G.R.IND. Game Reviews Games

Rumu review

Quick question: When you see the words ‘video game’ and ‘AI’ in the description of the latest sci-fi themed release, what is your initial, gut reaction? If it’s “AI gone mad and murdered/sent other AIs to murder everyone”, then Rumu may seem like another one of those. I’m not judging you by the way-that was my initial reaction as well-it’s just a statement on the state of sci-fi themed video game stories; we’ve seen the same story in a myriad of variations-either in quality or details. Thus, when seeing the premise of Rumu, which is the journey to sentience of a single emotion vacuum cleaner and the discovery of the smart house it cleans and the family, which owns it. As one expects, it’s filled with AIs that you can interact with and-within minutes of starting the game-something is terribly wrong with the situation.

But, Rumu has more novel and nuanced intentions, than being another ‘by-the-books’ sci-fi video game narrative. It’s a quirky and poignant story of love and the complicated state of humans and their creations. It feels more inspired by ancient Greek tragedies, rather than 2001 A space odyssey or Blade Runner, and it’s those sensibilities presented and adjusted to the science fiction genre, that impacted me so. Its environmental story-telling, unreliable perspectives, smart writing-for dialogue narrative and collectibles- and known tropes of the genre such as creepy visuals and off-putting writing, which separate Rumu from many others. It’s a narrative that manages to leapfrog many pitfalls of other sci-fi tales, such as it does not bite off more than it can chew; the game took me 4 hours to complete and I never felt bored or that the plot was stagnant. Moreover, it does not try to be a cautionary tale about vacuum cleaners becoming sentient (it is more self-aware and funny to not do that) or the extreme impact technology can have in our lives; *Spoilers Ahead* instead it’s an exploration of why someone would even want a vacuum cleaner and the house’s AI to be sentient and capable of feelings. Obviously, this is a narrative driven experience and that is why you should play it, thus I don’t want to expand too much on the narrative and ruin the great moments it offers. Regardless, a surprising element that worked excellently is the gameplay and puzzle design; although unchallenging and very simplistic, the mixing of gameplay and narrative worked surprisingly well. It’s not the difficulty of what you must do, that makes the player focus and get invested, it’s how thematically and narratively appropriate it is, especially when the story delights in switching from funny (it got more than a few good laughs out of me), to suspenseful, to worrisome, to unnerving and tragic, just to name some of the myriad of emotions I went through while playing Rumu. Moreover, it’s a beautiful game, designed to look like the near future smart-home, populated with smart appliances and neon-colored backgrounds. Music-wise, the game uses its soundtrack to enhance the narrative and dramatic impact of the scenes, which made me a big fan of the soundtrack, and of the voice-acting, which was excellent.

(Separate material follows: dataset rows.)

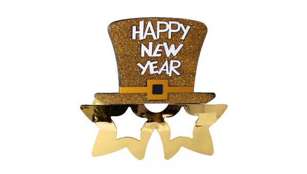 The plastic star-shaped frames have a metallic gold finish and feature a gold glitter top hat with 'Happy New Year' wording.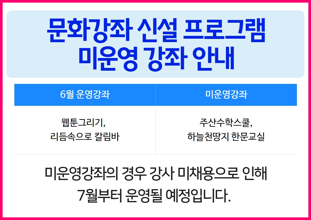 문화강좌 신설프로그램 미운영강좌 안내 작성자 관리자 등록일자 2023년 5월 20일 15시 1분 3초 조회 831 물의날 (4).jpg [ Size : 222.1KB , Down : 728 ] 미리보기 다운로드 목록보기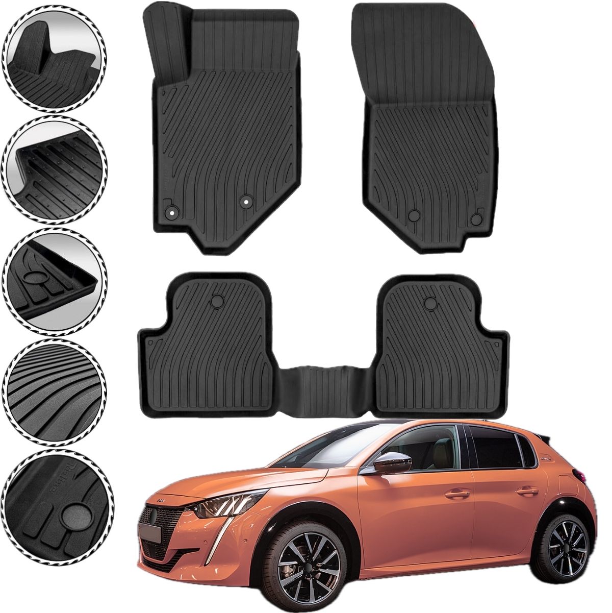 Maximaler Schutz trifft auf perfekte Passform: Die passgenauen Rizline Gummimatten wurden mithilfe modernster 3D-Laserscantechnologie speziell für den Premium Peugeot 208 II 2019 - 2025 Gummimatten entwickelt.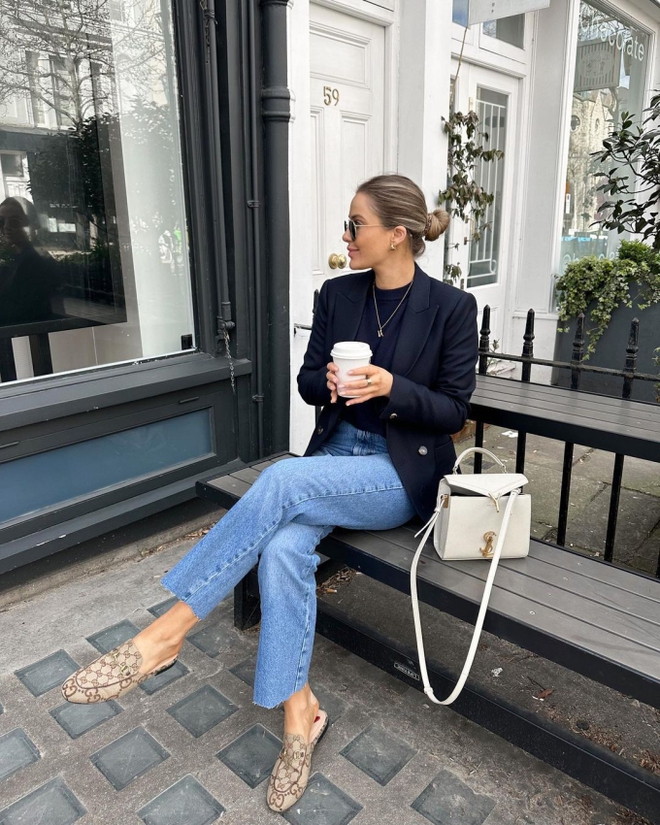 Không chỉ được diện trong mùa thu, quần jeans ống rộng/ống đứng được phụ nữ Pháp diện quanh năm mà không biết chán. Quần jeans ống rộng hay ống đứng đều là món đồ vô cùng "dễ tính" và dễ kết hợp. Ngay cả khi bạn là cô nàng lười phối đồ, thì chỉ cần xỏ quần jeans cùng áo thun, rồi khoác thêm bên ngoài một chiếc blazer hoặc cardigan... là có ngay outfit tuy basic nhưng đảm bảo chẳng bao giờ bị chê xấu.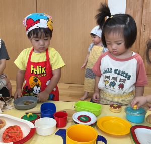 新着情報 2025.09.26 おままごとだいすき!【うさぎ組】 おままごとをして遊ぶことが大好きなこどもたち! エプロンや三角巾を付けて、ごちそうを作って楽しみました☆ エプロンをつけると嬉しくてニコニコな表情を見せてくれましたよ~😊 前へ 一覧へ 次へ
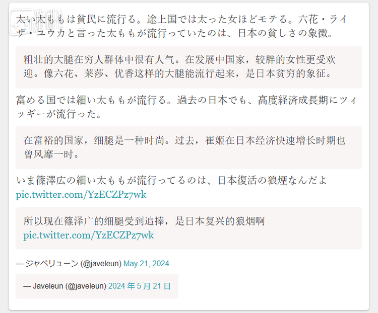 考虑到实验参与者人数有限,上述结论显然过于武断,不过在日本互联网上,类似的论调确实存在一定受众。比方说去年《学园偶像大师》上线之初,体态孱弱的篠泽广曾因过度夸张的“筷子腿”风靡一时。当时也有网友提到了肉腿与经济形势之间的关系,认为篠泽广的高人气是日本经济复苏的积极信号——当然,这话其实玩笑成分居多。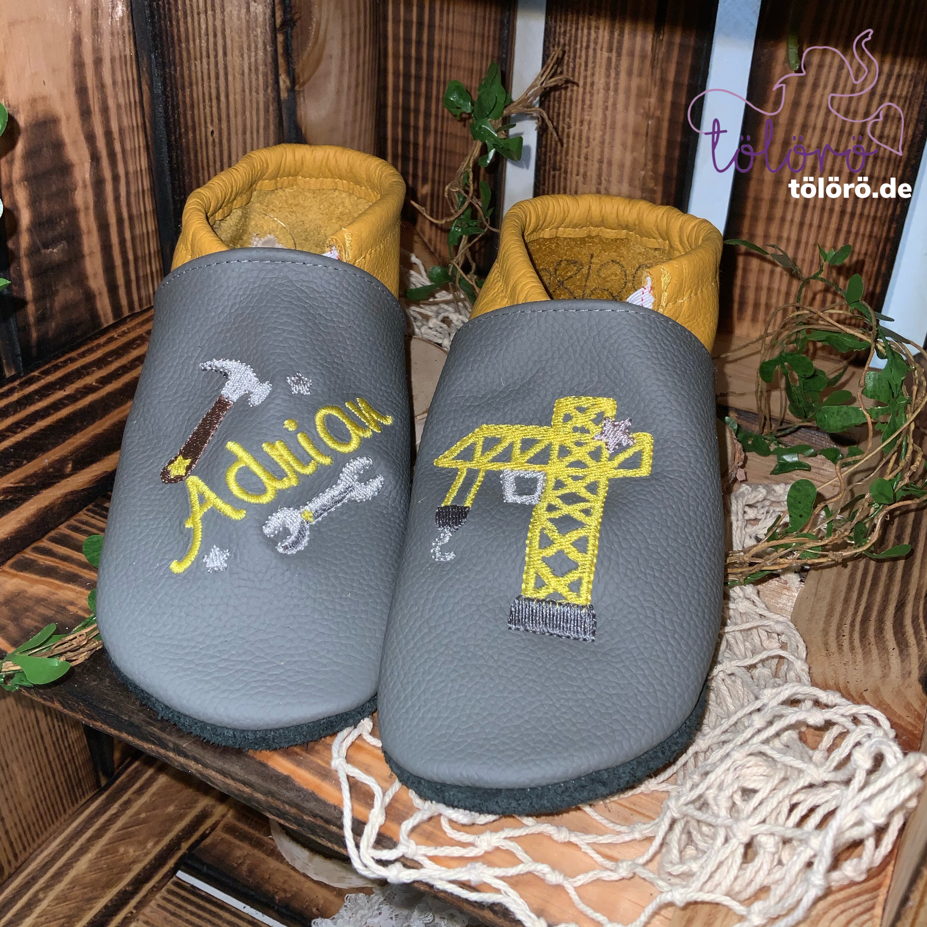 Unsere Lederpuschen mit Namen sind nicht nur praktisch, sondern auch ein emotionales Erinnerungsstück. Du bestimmst Farbe, Größe und Stickmotiv – wir setzen es in Handarbeit um.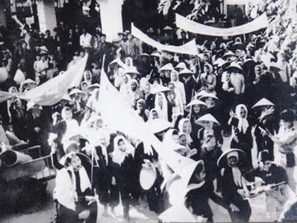 | Đội quân tóc dài (huyện Mỏ Cày) tham gia đấu tranh trong phong trào Đồng Khởi năm 1960. (Ảnh TL) |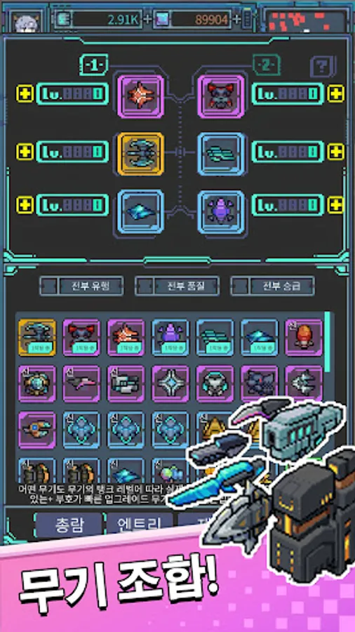 You can have more fun than simply taking down enemies with your weapons. Enjoy colorful roguelike battles with strategic weapon combinations, and enjoy the joy of growth on infinite action stages. 🤗🐱🏍In addition, the card draw system adds to the fun of commando games by acquiring new weapons and equipment.
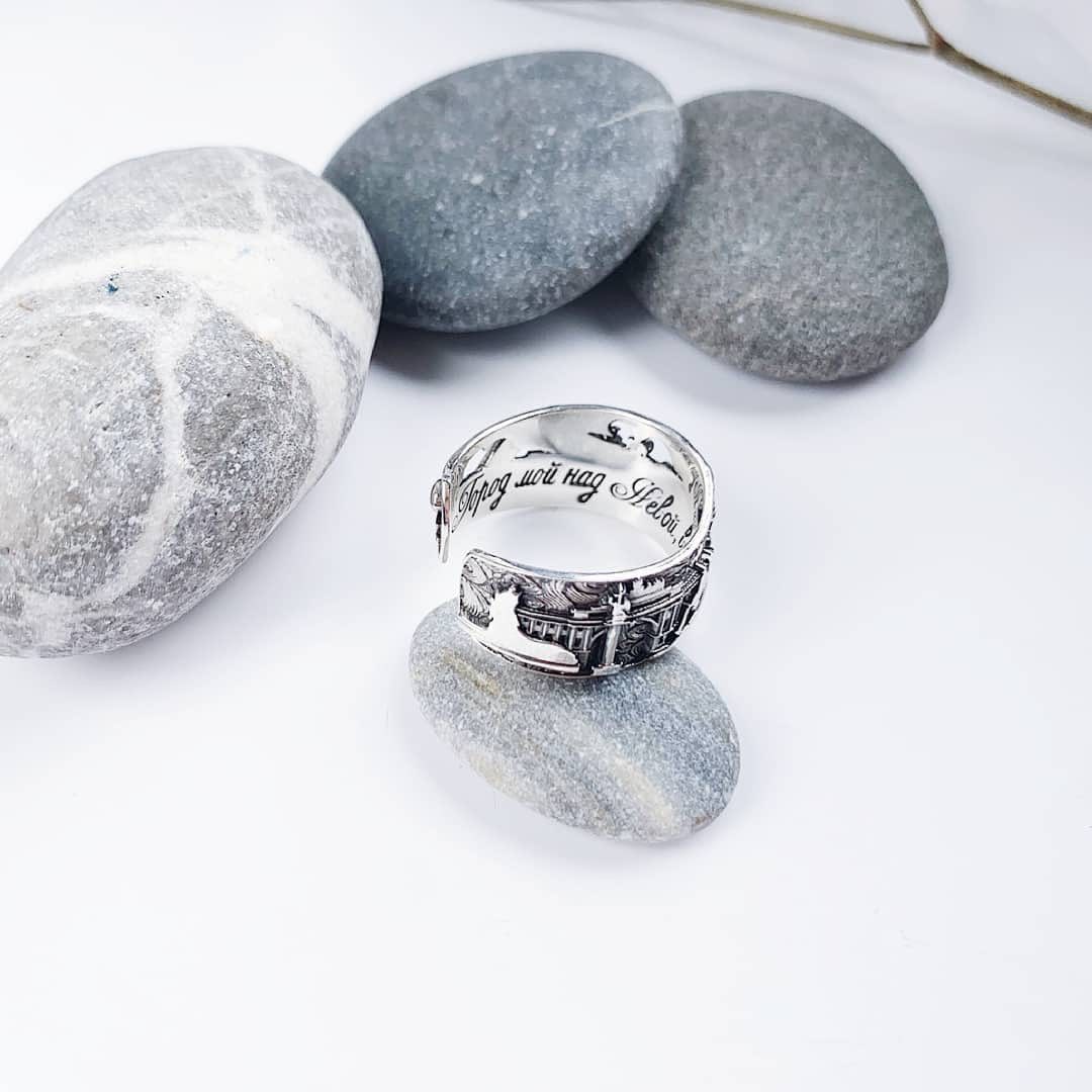Серебряные украшения издавна наделяли магическими свойствами. О пользе серебра было известно даже древним грекам, хранившим жидкости в посуде из этого благовоздействующего материала. За счёт особенностей серебра кольцо «весь Петербург» может стать надёжным талисманом. Украшение является безразмерным и подходит как для женщин, так и для мужчин.

Just like with any game, if you dig deep enough, you’ll find plenty to critique and Rumu is not different; it’s mechanically unchallenging, does not explain certain aspects very well (I only realized I could WASD my way around, in the last 20 minutes of the game) and the expected loopholes, are just some of my ‘issues’ with Rumu. But, I feel that it’s a disservice to talk about these things in a review of a game, sold as a narrative-driven adventure; not because the only thing that matters is the story, but because the only thing that matters above all else, is the experience and there’s plenty to love about the experience I’ve had with Rumu.